— Task —
Begin at the line containing "En forme de roue pour les coureurs cycliste" and copy exactly through the last line of the listing, skipping every picture.

— Source data —
+---+

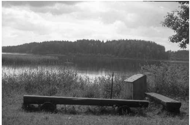
Käesoleval aastal on lõkkeplatsid loodusvahil hooldada.
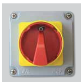
Interruptor opcional paro-marcha de seguridad, IP65, F400, instalado en fábrica o como accesorio.
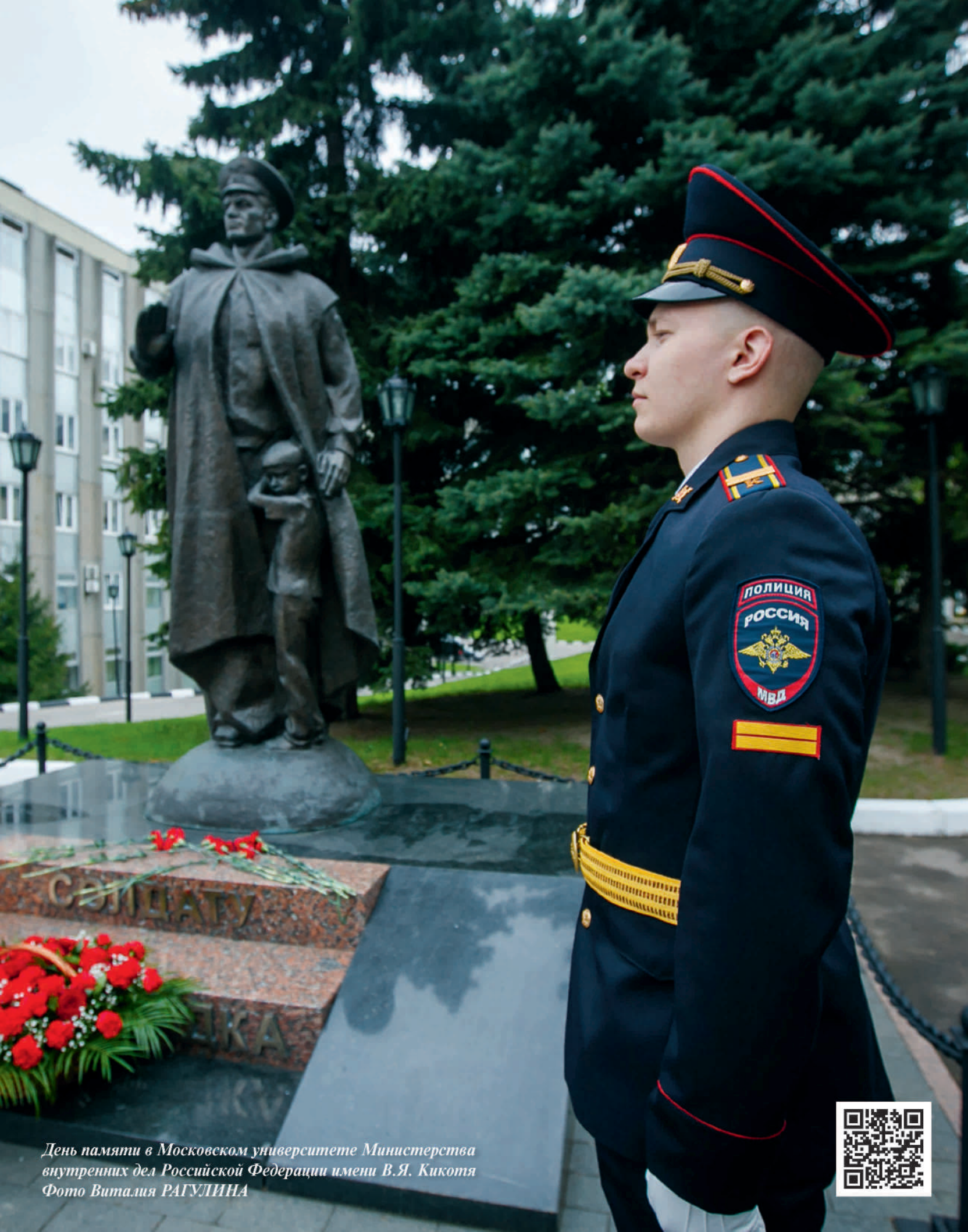
День памяти в Московском университете Министерства внутренних дел Российской Федерации имени В.Я. Кикотя
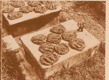
Und dabei belagerten Schwerekränker, man begriffe die Ween dieses einseitigen Landes erst, wenn man seine heiligen Steine gesehen habe. Wie sind in einem Dorf bei Kultura. Die Sonne schwebt. Eine schwarze eingeborene Frau umringter Kette hat den Daug heiliger Kette mit den Händen zu Kupfen gefüllt und so schwebend zum Trostern auf abwärtsliche Sitzen gelassen. Die Freigedanken sind deutlich erkennbar. Eingegen allen europäischen Erwänden von Hygiene wird dieser getrocknete Daug der als heilig verehrte Kalle aus wehrlosen Kaugewürzen von Fäulnis und als wehrlosige Medizin verwendet
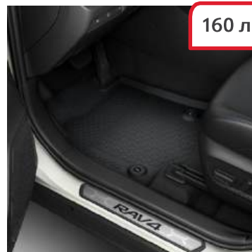
Гумени стелки PW2100R027
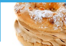
PARIS-BREST - 1909

En forme de roue pour les coureurs cycliste
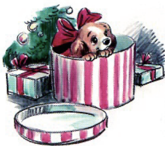
「わんわん物語」(1955年) ストーリー・スケッチ
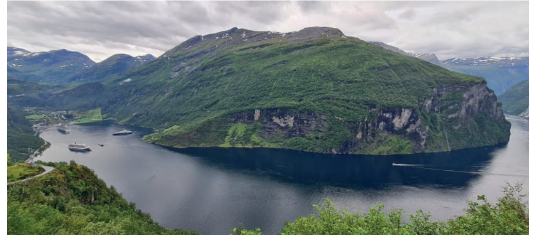
Fiord dels Somnis.

Sense pietat, sense respecte per l'edat, que per això a ningú se li nota, a les 3 de la matinada, tothom en marxa.

+---+

— Exercise response —
En forme de roue pour les coureurs cycliste
「わんわん物語」(1955年) ストーリー・スケッチ
Fiord dels Somnis.

Sense pietat, sense respecte per l'edat, que per això a ningú se li nota, a les 3 de la matinada, tothom en marxa.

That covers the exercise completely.